To get the decomposition we're looking for, we now decompose the right hand side. We have \[\begin{bmatrix} \quad \\ \lambda_1 \mathbf x_1 & \cdots & \lambda_n \mathbf x_n \\ \quad \end{bmatrix} = \begin{bmatrix} \quad \\ \mathbf x_1 & \cdots & \mathbf x_n \\ \quad \end{bmatrix} \begin{bmatrix} \lambda_1 & & \\ & \ddots & \\ & & \lambda_n \end{bmatrix} = X \Lambda.\] This is fairly straightforward: our product is simply the rhs of the eigenvector equation, so we split up the eigenvectors and eigenvalues.

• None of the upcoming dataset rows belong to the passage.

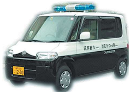
つくしライオンズクラブの45周年を記念して市に寄贈された防犯パトロール車

筑紫野市地域防犯活動推進団体に認定された団体の構成員、防犯指導員、青少年指導員、少年補導員など ※「筑紫野市防犯協力員」の登録と、警察の行うパトロール実施者研修の受講が必要です。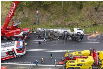
17.04.2023 – B37 – Tanker kippte um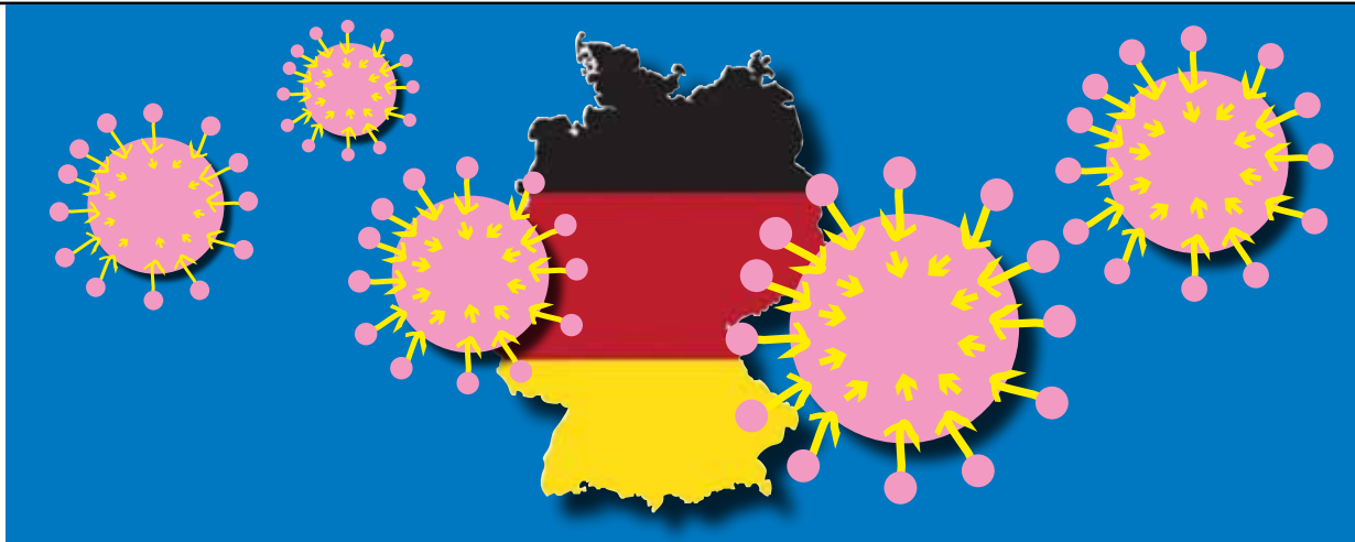
Illustration: Eva Neumann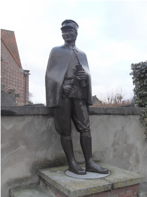
De veldwachter, annex belleman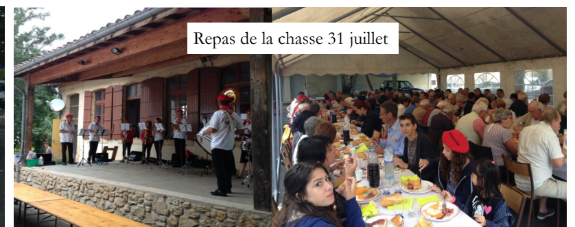
Repas de la chasse 31 juillet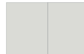
2/1 pagina (spread) B 430 x H 270 mm + 5mm afloop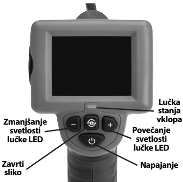
Slika 7 - Krmilni elementi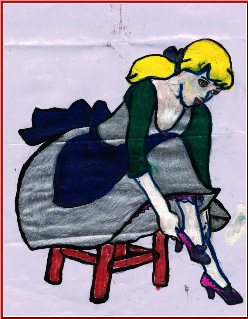
LEKSHMI PRIYA 7 A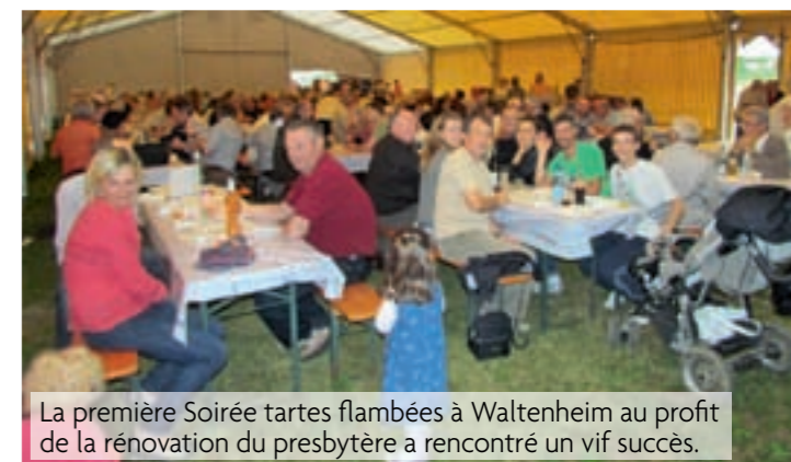
La première Soirée tartes flambées à Waltenheim au profit de la rénovation du presbytère a rencontré un vif succès.

Et bien sûr le traditionnel repas paroissial à Mittelhausen le 18 novembre a rassemblé tous les amis de la paroisse venus de près et de loin autour d'une choucroute royale.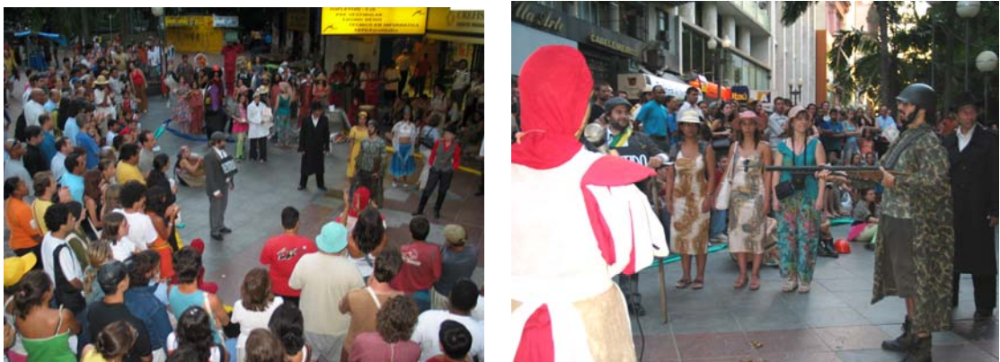
Ilustração 27. Teatro-Imagem: Integração dos grupos franceses, uruguaios e brasileiros. Performance de rua: Política brasileira , em Porto Alegre, Fórum Social Mundial – jan. 2005.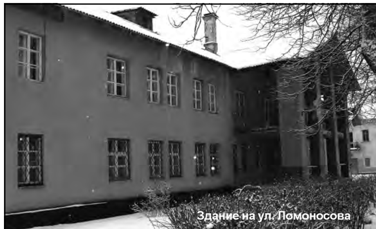
Здание на ул. Ломоносова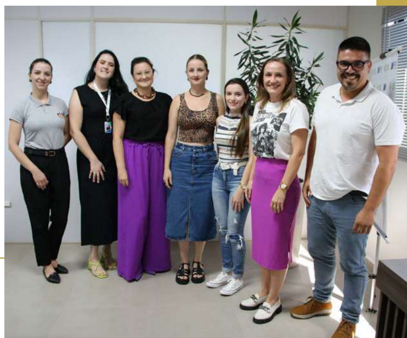
Conquista foi reivindicada pelo Núcleo de Arquitetos e Engenheiros, ligado a Associação Empresarial de Maravilha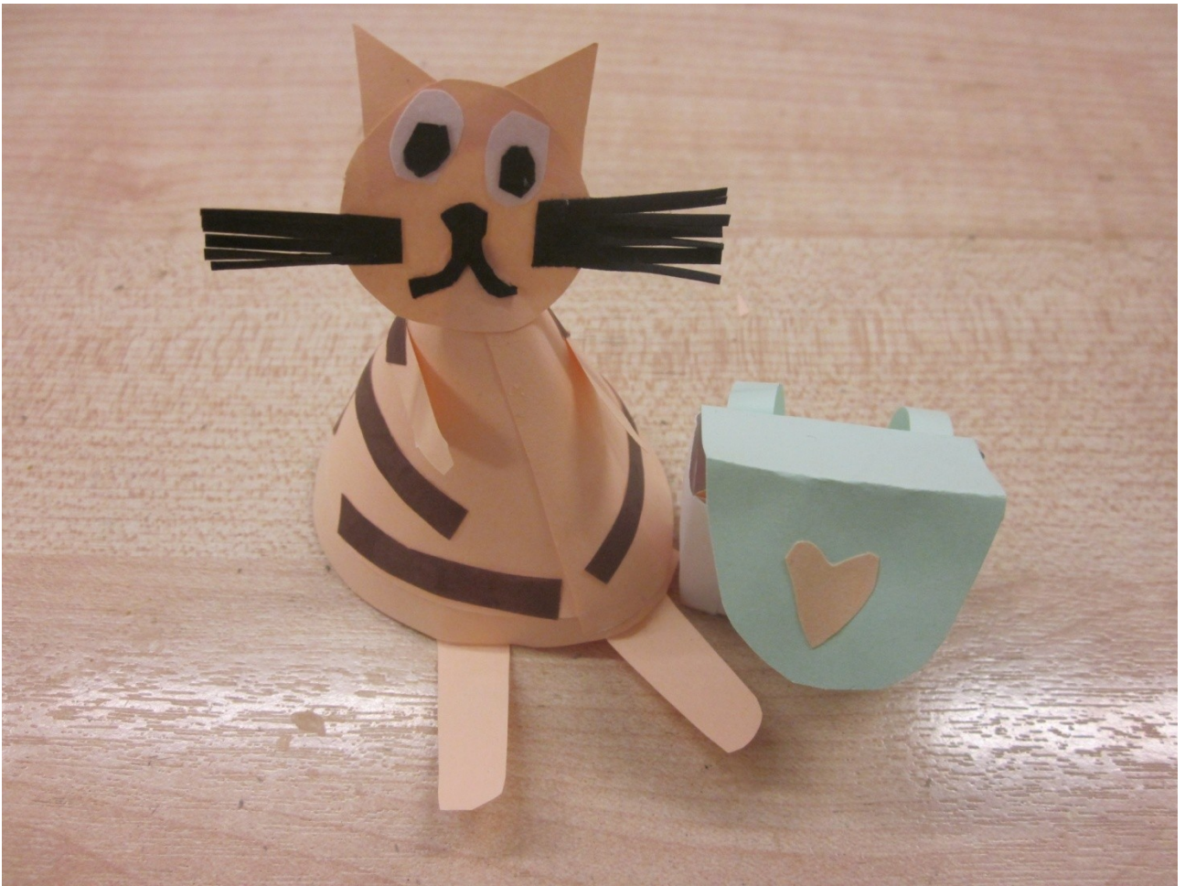
Иллюстрация № 1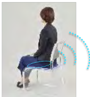
座っている人の健康状態（心拍、呼吸数、ストレス度）モニターで確認。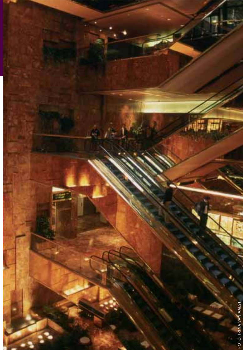
Het interieur van de Trump Tower ziet er zo overdadig luxueus uit, dat je je als passant bijna op verboden privé-terrein waant.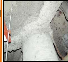
吹付けアスベスト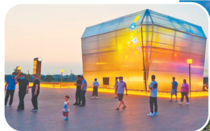
荥泽古城文化公园美景

古荥镇作为惠济区辖区面积最大的农村乡镇，在国家黄河战略实施的核心示范区起步区建设中，始终牢记习近平总书记嘱托，始终以“功成不必在我”的精神境界和“功成必定有我”的历史担当，一茬接着一茬干，一棒接着一棒跑，切实干出了成效，跑出了高质量发展的加速度，努力在“保护母亲河、打造幸福河”中展现新作为、新担当。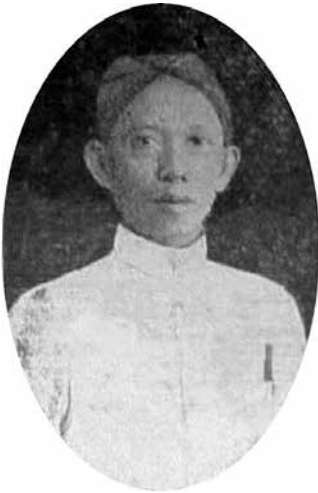
Soewardi Soerjaningrat of Ki Dewantoro, foto 'in zijn jeugd', en.wikipedia.org. Stichter van de Taman Siswa scholen, later kortstondig minister van onderwijs (1945).

Terwijl de protestacties tegen de Wilde Scholen-Ordonnantie gaande waren, groeide ook de kracht van de niet-coöperatieve partijen in Indië. De Partindo van Soekarno telde in augustus 1933 bijna 30.000 leden, de PNI Baroe van Hatta en Sjahrir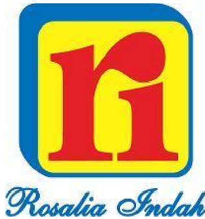
Gambar 2. 1 Logo PT Rosalia Indah Transport

diingat sebagai pengganti dari nama sebenarnya. Berikut ini terdapat logo PT Rosalia Indah Transport.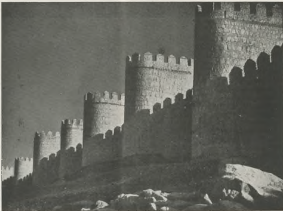
Murallas de Ávila

CURSOS POPULARES. —Se ha iniciado el segundo curso popular, organizado por el Centro Cultural, de clases de inglés y francés.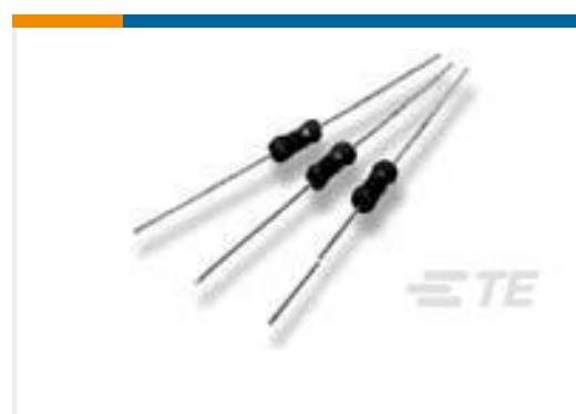
TE 产品编号1-1625893-3 5W SM M/OX 2% 22R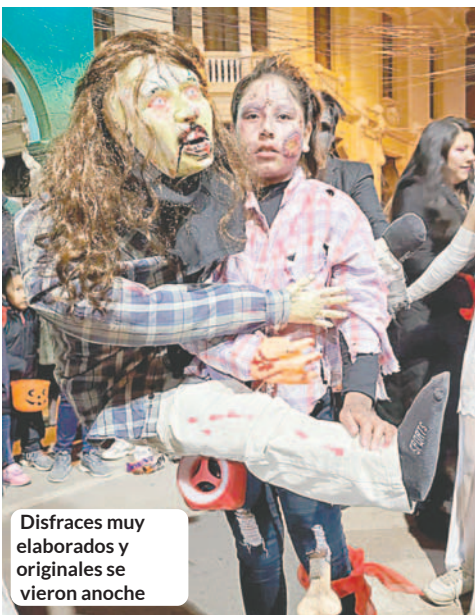
Disfraces muy elaborados y originales se vieron anoche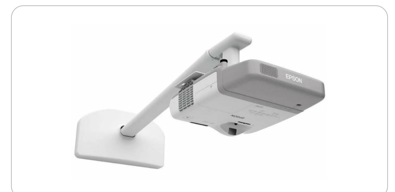
УКФ проектор с настенным креплением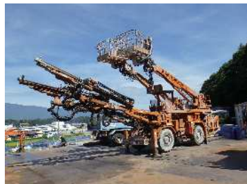
地山に穿孔を行うドリルジャンボも現場に到着しています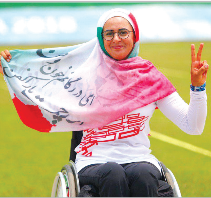
۱۲ آذر روز جهانی معلولان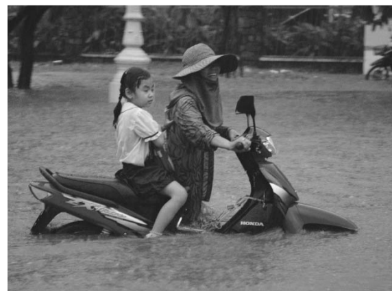
ឆ្នាំនេះពេលភ្លៀងធ្លាក់ ធ្វើឱ្យផ្លូវនៅវាលជម្រកំពុងពេញត្រូវ លិចទឹក ប្រជាពលរដ្ឋត្រូវពិបាកធ្វើដំណើរយ៉ាងខ្លាំង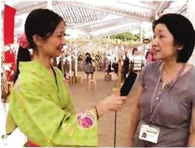
ヒルサイドでの取材風景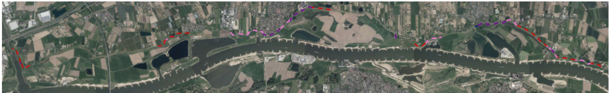
Figuur 2-1 Locaties verticale maatregelen (rood=pipingscherm, paars en roze=stabiliteit+piping gecombineerd)

Op basis hiervan is vastgesteld dat over een lengte van 11,1 km verticale maatregelen nodig zijn om te voldoen aan de eisen ten aanzien van piping.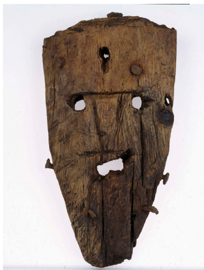
Fig. 3. Masken fra Stóraborg.

er kluntet og flad. Der er et mindre hul i panden og et ude ved kanten ved venstre øjenhule. Der sidder seks søm af jern i masken fordelt på sider, top og hage, de har formentligt været til fastgørelse af hår og skæg eller andet, så masken kunne bæres foran ansigtet. Masken er unik.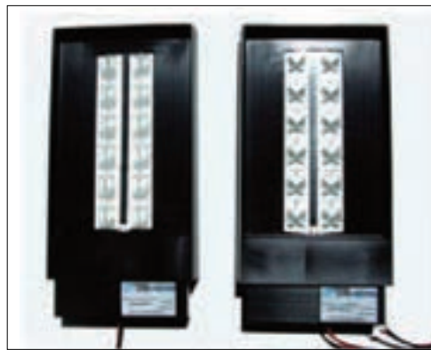
PLUS: prototipi realizzati

Sono proseguite le attività sperimentali su STAPELIA, apparecchio fotovoltaico a LED brevetto ENEA.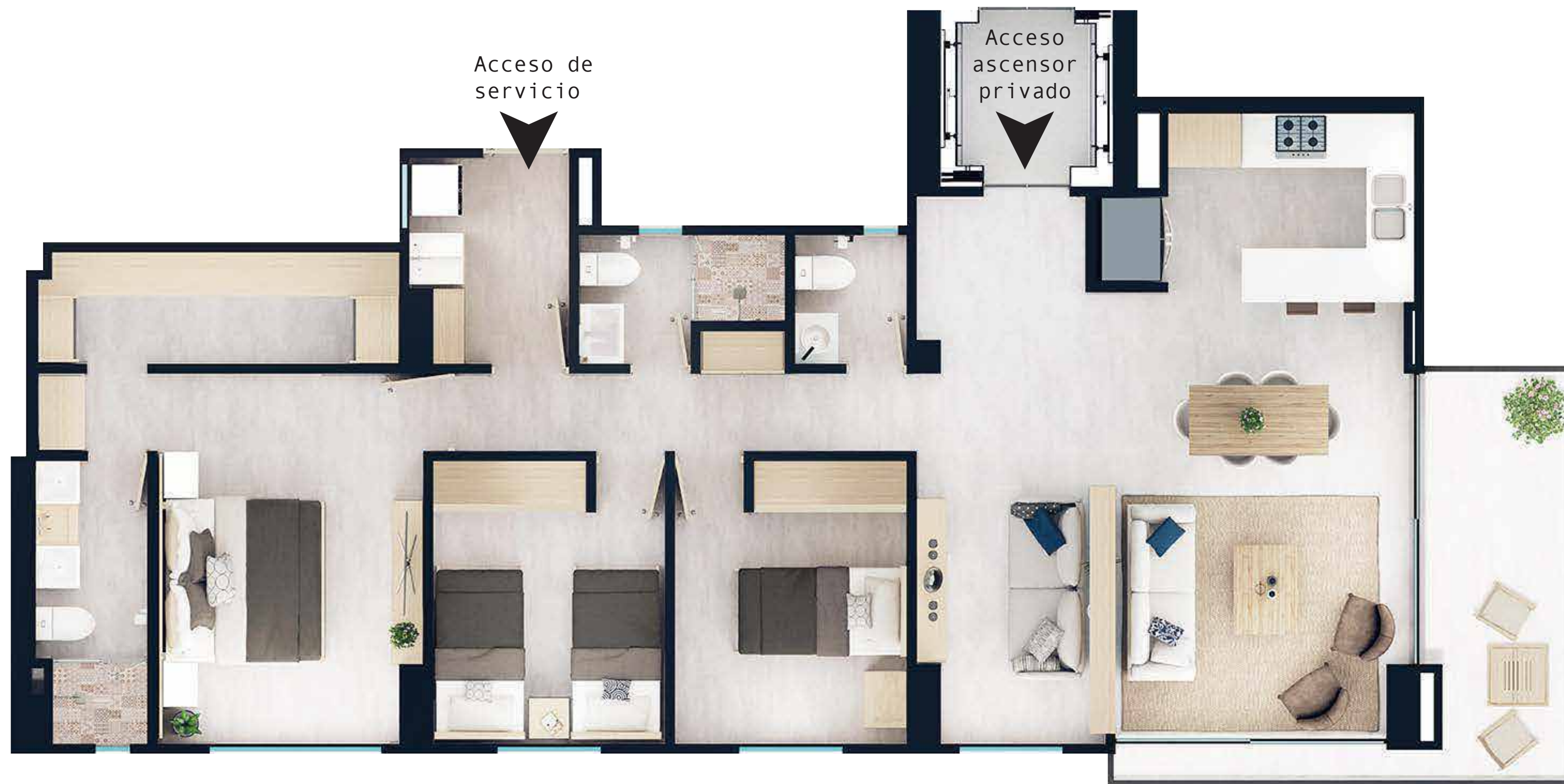
Vista hacia Cali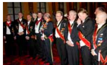
De tolv som var med vid årets Barbara...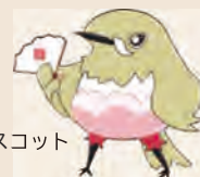
梅田地域学習センターマスコット キャラクター「ウメジロ」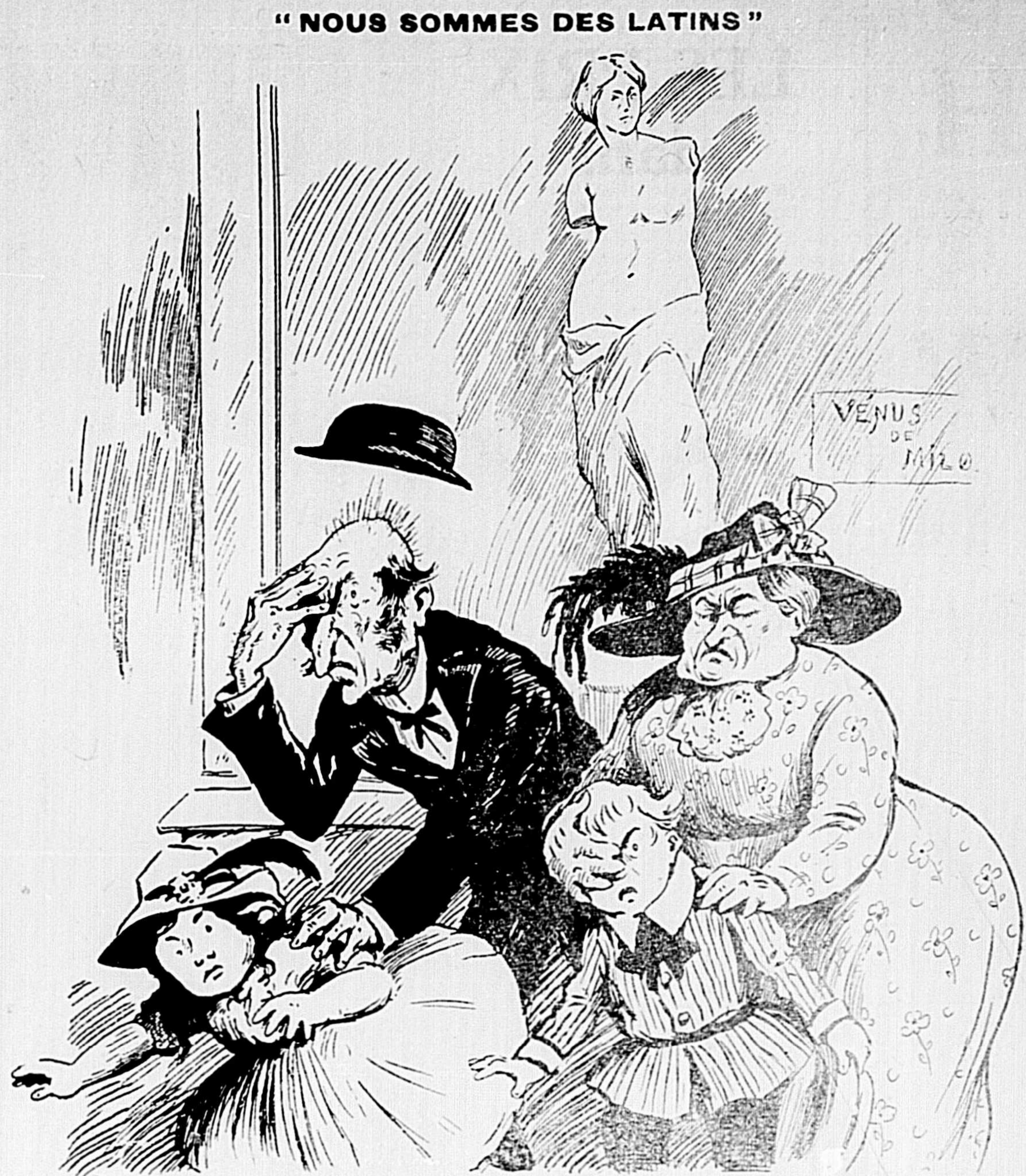
Comptes-tu, Parpétue, qu'ça prend du monde possédé pour mettre des écoeuranties comme ça dans leurs vitraux !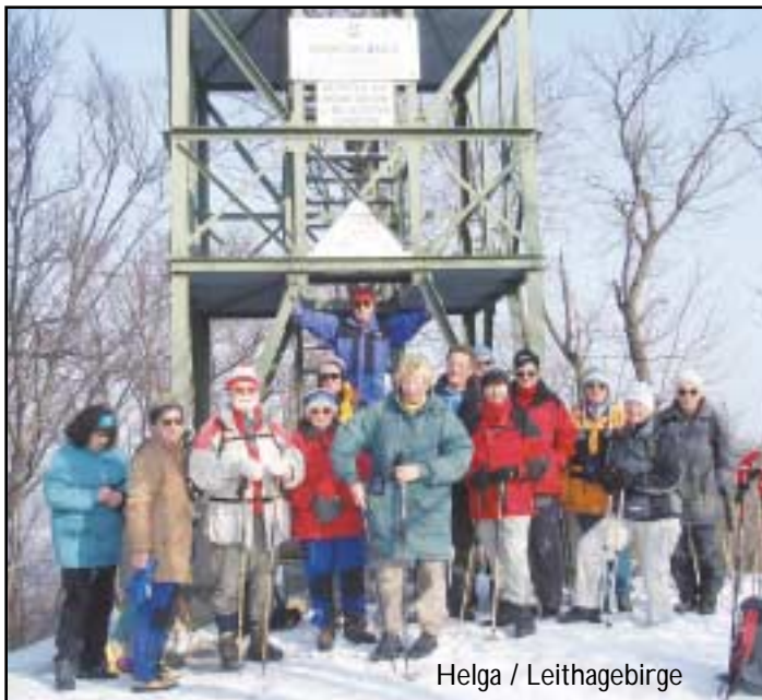
Helga / Leithagebirge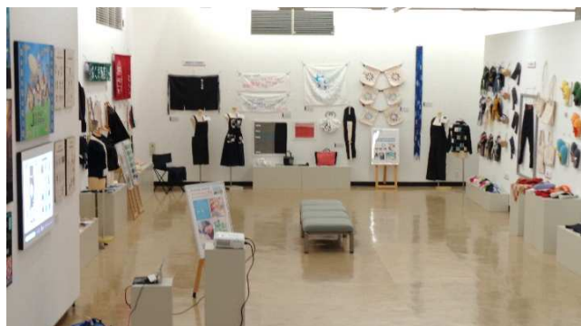
倉敷工業高校 テキスタイル工学科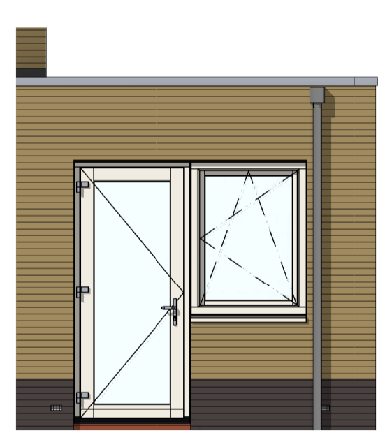
AG5025 - Enkele loopdeur en raam met gemetselde borstwering in achtergevel zijaanbouw

We denote the eigenvalue matrix by $\Lambda$, which is the uppercase version of $\lambda$. This gives us the following theorem.

Let $A$ be an $n \times n$ matrix with $n$ linearly independent eigenvectors. Then $AX = X \Lambda$, where $X$ is the matrix of eigenvectors of $A$ and $\Lambda$ is a diagonal matrix of eigenvalues of $A$.

One thing to note here is that $X$ is gives us a basis for the column space of $A$. If the eigenvectors have nonzero eigenvalues, they are in the column space of $A$ (since $A \mathbf x = \lambda \mathbf x)$. If we have $n$ such linearly independent vectors, this gives us a basis.

This gives us a way to satisfy the following definition:

A matrix $A$ is diagonalizable if there exists an invertible matrix $P$ and a diagonal matrix $D$ such that $A = PDP^{-1}$.

So we have that $P = X$, the matrix of eigenvectors, and $D = \Lambda$, the matrix of eigenvalues.

Why is this useful? Remember that a requirement is that $A$ has $n$ linearly independent eigenvectors. This means that the columns of $X$ are all independent—that is, $X$ is invertible. We have the following corollary:

Let $A$ be an $n \times n$ matrix with $n$ linearly independent eigenvectors. Then $A = X \Lambda X^{-1}$ and $\Lambda = X^{-1} A X$.

Consider the matrix $A = \begin{bmatrix} -1 & 0 & -8 \\ 0 & -1 & 8 \\ 0 & 0 & 3 \end{bmatrix}$. Since $A$ is upper triangular, we have that the eigenvalues of $A$ are $-1$ (with multiplicity 2) and $3$.

First, we solve for $\lambda = 3$. In this case, we have the equation \[\begin{bmatrix} -4 & 0 & -8 \\ 0 & -4 & 8 \\ 0 & 0 & 0 \end{bmatrix} \mathbf x = \mathbf 0.\] The rref of this matrix is $\begin{bmatrix} 1 & 0 & 2 \\ 0 & 1 & -2 \\ 0 & 0 & 0 \end{bmatrix}$, so the special solution gives us $\begin{bmatrix} -2 \\ 2 \\ 1 \end{bmatrix}$, which is our eigenvector for $\lambda = 3$.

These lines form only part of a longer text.